Kini lelaki penjual minyak goreng itu pun maju. Ia membawa dua botol minyak goreng. Sebuah botol kosong dan sebuah lagi berisi penuh.
“Kini lihatlah,” kata penjual minyak goreng itu. Ia menutupkan sebuah uang logam yang di tengahnya ada bulatan kecil (seperti uang ringit pada zaman Belanda) ke atas sebuah botol yang kosong. Kini ia pun menuangkan minyak goreng dari botol yang penuh ke dalam botol  kosong yang di atas mulut botol telah ditutup uang logam yang ada lubang kecil di tenganya.
Orang-orang kembali menyaksikan kebolehan si tukang minyak goreng ini. Hasilnya, sampai botol kedua yang tadi kosong terisi penuh, tetapi tidak sedikit pun dari minyak yang dituangkan itu meleleh ke tepi mulut botol.
“Hore, hebat... penjual minyak goreng ini pun hebat!” demikian orang-orang kembali mengelu-elukan.
Tetapi kegembiraan orang-orang yang bersuka cita menyaksikan kehebatan panglima perang dan penjual minyak goreng pun kembali bukam setelah penjual minyak goreng mengatakan, “Tidak! Kami bukanlah orang yang hebat. Saya sudah terbiasa setiap hari, berminggu-minggu, berbulan-bulan, bahkan bertahun-tahun sepanjang hanyat saya melakoni pekerjaan ini. Menuangkan minyak ke dalam botol adalah pekerjaan saya dan itu saya lakukan dengan sepenuh hati, sepenuh jiwa sebab dari berjualan minyak goreng itulah saya mengantungkan hidup.
Begitu juga dengan Palima Perang!

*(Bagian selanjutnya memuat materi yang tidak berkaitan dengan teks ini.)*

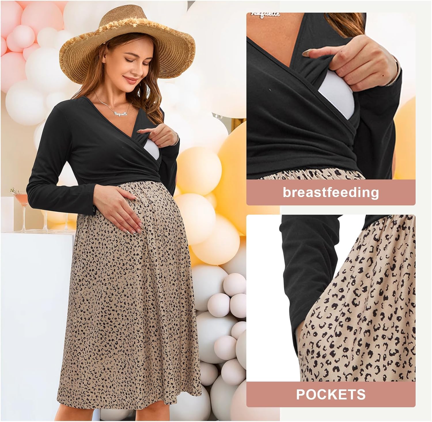 OUGES Womens 2025 V-Neck Maternity Dresses Nursing Breastfeeding Baby Shower Dress
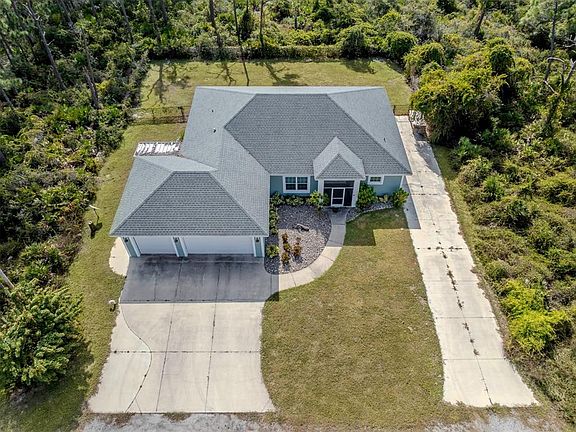 This private, custom-built residence is on a generous one-third acre lot, offering plenty of space and a serene setting. Inside, the open great-room floor plan creates a bright and airy atmosphere, with seamless flow between the living area, dining space and the spacious, well-appointed kitchen, ideal for everyday living and entertaining. The split-bedroom design enhances privacy, with the primary suite thoughtfully separated from the guest bedrooms. A three-car garage provides abundant storage and utility, including a dedicated one-car bay equipped with a mini-split air-conditioning system, ideal for climate-controlled storage, a workshop or hobby space. Outdoors, a covered lanai overlooks the large yard and offers a comfortable retreat for relaxing or dining alfresco. Additional features include impact windows for safety and efficiency, as well as a long secondary driveway that easily accommodates an RV, boat, or other recreational vehicles. The property is on a quiet road yet remains conveniently close to beaches, waterways, shopping and dining. To enhance outdoor enjoyment, a professionally installed mosquito-repellent system surrounds the home and grounds, ensuring a more comfortable outdoor experience year-round.

Dari kecil ia berlatih, bersungguh-sungguh! Maka ketahuillah bahwa sesuatu yang kalian katakan hebat itu ternyata bagi kami adalah sesuatu kebiasaan yang terbiasa. Jadikalah kebiasaan baik pada diri kalian hingga terbiasa, maka kalian akan menjadi orang hebat!”

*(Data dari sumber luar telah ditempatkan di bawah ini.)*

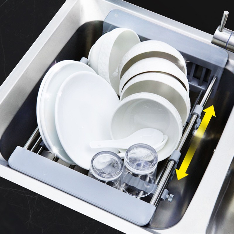 - Rổ kéo rút đa năng dùng để gác chậu rửa chén inox 1 hộc hoặc 2 hộc. Rổ giúp đựng trái cây, chén dĩa khi rửa giúp bạn thao tác thuận tiện hơn
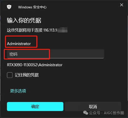 弹窗提示输入用户名和密码,依次把网页上的复制粘贴过来,点击确定就可以登录云电脑了

                                    *           *           *
Cerita tadi memberikan pelajaran kepada kita bahwa orang hebat itu tidak hadir begitu saja. Orang hebat justru memulai jalan kehebatannya dari hal-hal kecil, sesuatu yang remeh-temeh yang dalam kehidupan sehari-hari sering diabaikan orang.
Seorang pelajar, misalnya, setiap hari selalu tekun mengulangi kembali pelajaran yang diberikan gurunya. Ia menyelesaikan tugas-tugas rumah. Semua pekerjaan itu dikerjaan dengan sepenuh hati dengan kesabaran dan keyakinan. Tidak heran saat pembagian rapor, pelajar tadi dinobatkan sebagai juara kelas!
Hebatkah pelajar? Tentu, kata teman-temannya. Dia anak yang pandai, kata gurunya.
Betulkan demikian? Ternyata rahasianya adalah pelajar itu hanya membiasakan sesuatu yaitu mengulang kembali pelajaran setelah pulang sekolah. Pekerjaan itu dikerjakannya sepenuh hati hingga terbiasa. Itulah definisi orang hebat!